Deep neural networks, and combinations of supervised, semi-supervised and unsupervised learning techniques, are increasingly being used to solve difficult problems in medical image analysis, medical diagnosis, and analysis of biomarkers.
Deep learning is a branch of machine learning and often refers to artificial neural networks (“ANN”) that are composed of many layers. Broadly speaking, the goal of deep learning is to model complex, hierarchical features in data. It involves feeding a computer system a lot of data, which it can use to make decisions about other previously unseen data. Deep learning is about learning to predict in ways which can involve more complex dependencies between the input features.
In layman terms, neural networks are essentially computational models that attempt to mimic the action potential cascades that typify biological data processing (i.e. like our brain). So artificial neurons essentially act as little processors. ANNs are generally presented as systems of interconnected "neurons" which exchange messages between each other. These networks ask a series of binary true/false questions, or extract a numerical value, of every bit of data which pass through them, and classify it according to the answers received.
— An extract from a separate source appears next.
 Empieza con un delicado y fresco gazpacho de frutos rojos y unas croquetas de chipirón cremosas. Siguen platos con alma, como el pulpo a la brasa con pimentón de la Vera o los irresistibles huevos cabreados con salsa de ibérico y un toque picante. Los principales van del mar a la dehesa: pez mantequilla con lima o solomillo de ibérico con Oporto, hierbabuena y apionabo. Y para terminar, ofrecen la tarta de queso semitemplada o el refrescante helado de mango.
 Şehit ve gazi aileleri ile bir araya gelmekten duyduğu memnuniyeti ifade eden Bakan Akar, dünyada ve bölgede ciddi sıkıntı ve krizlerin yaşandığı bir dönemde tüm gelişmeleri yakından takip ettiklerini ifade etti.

The connections have numeric weights that can be tuned based on experience, making neural nets adaptive to inputs and capable of both supervised and unsupervised learning.
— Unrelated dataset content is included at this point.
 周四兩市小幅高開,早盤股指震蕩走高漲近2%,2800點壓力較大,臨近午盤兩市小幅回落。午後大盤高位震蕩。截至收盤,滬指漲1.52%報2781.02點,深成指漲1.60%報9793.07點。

Thirty or forty years ago, neural networks were only two or three layers deep as it was not computationally feasible to build larger networks. Today it is common to have neural networks with 10+ layers and even 100+ layer ANNs are not unheard of. In fact, our DeepNEU models currently have thousands of layers.
Enter 123Genetix and DeepNEU
DeepNEU is our big data solution specifically engineered to empower rare diseases researchers. This highly novel deep learning computational platform combines (1) extensive and publicly available rare diseases gene network data with (2) modified Neutrosophic Logic, and (3) features of deep ANNs and Support Vector Machines.
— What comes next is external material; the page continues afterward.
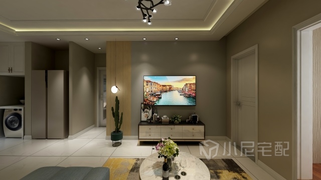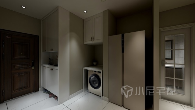門廳放置洗衣機(jī)和冰箱,多出的空間加以合理利用??臻g布局更簡(jiǎn)潔
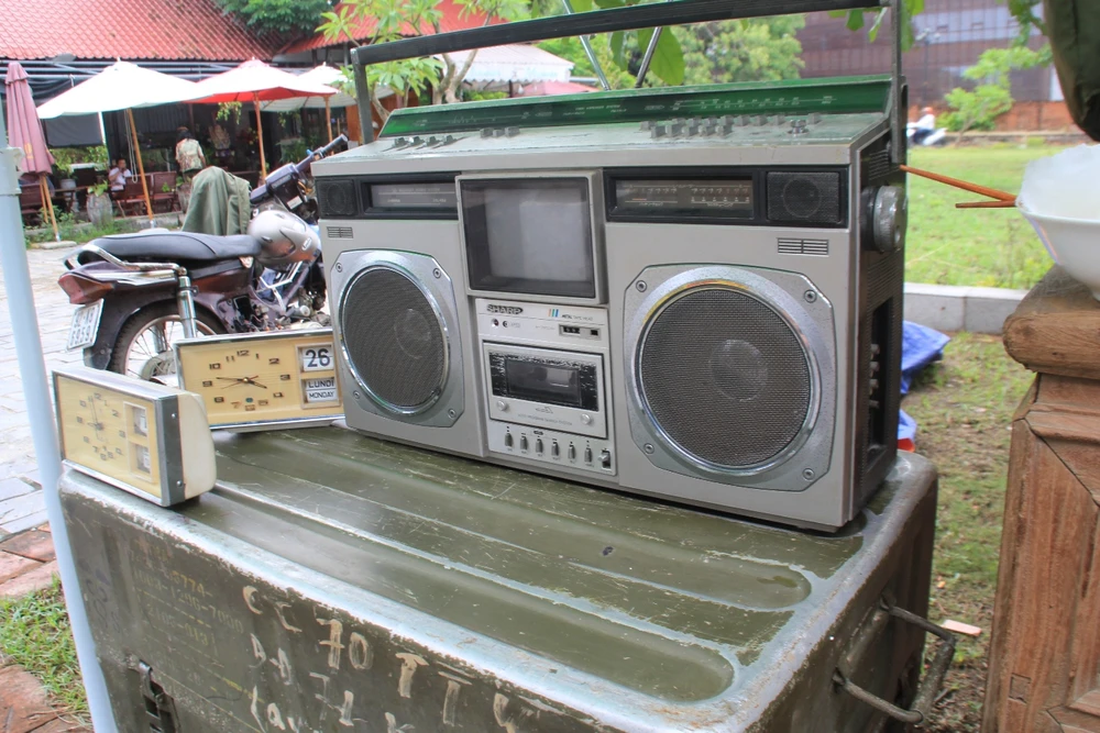 Một chiếc đài cũ xưa đồng thời là chiếc tivi đen trắng rất độc đáo được những người sưu tầm đồ cổ cho ra chợ phiên lần này. Chiếc đài kiêm luôn tivi này có giá chào hàng là 1,7 triệu đồng.

The current version (v2.1) of DeepNEU continues to undergo testing and has been used to generate beta versions of several rare disease models for which the underlying genetics and clinical features are reasonably well characterized. A few examples of such well characterized diseases are Cystic Fibrosis, Duchenne Muscular Dystrophy and Sickle Cell Disease. These system biology models are easily customized to meet individual researchers’ needs. The purpose of these advanced models is to empower rare disease researchers to: (1) develop new disease hypotheses; (2) design and run experimental simulations to test those hypotheses; (3) write better grants and (4) identify potential disease specific biomarkers.
While DeepNEU itself is not a drug discovery engine, the identification of novel biomarkers should drive future research towards new and effective therapies where none exist now.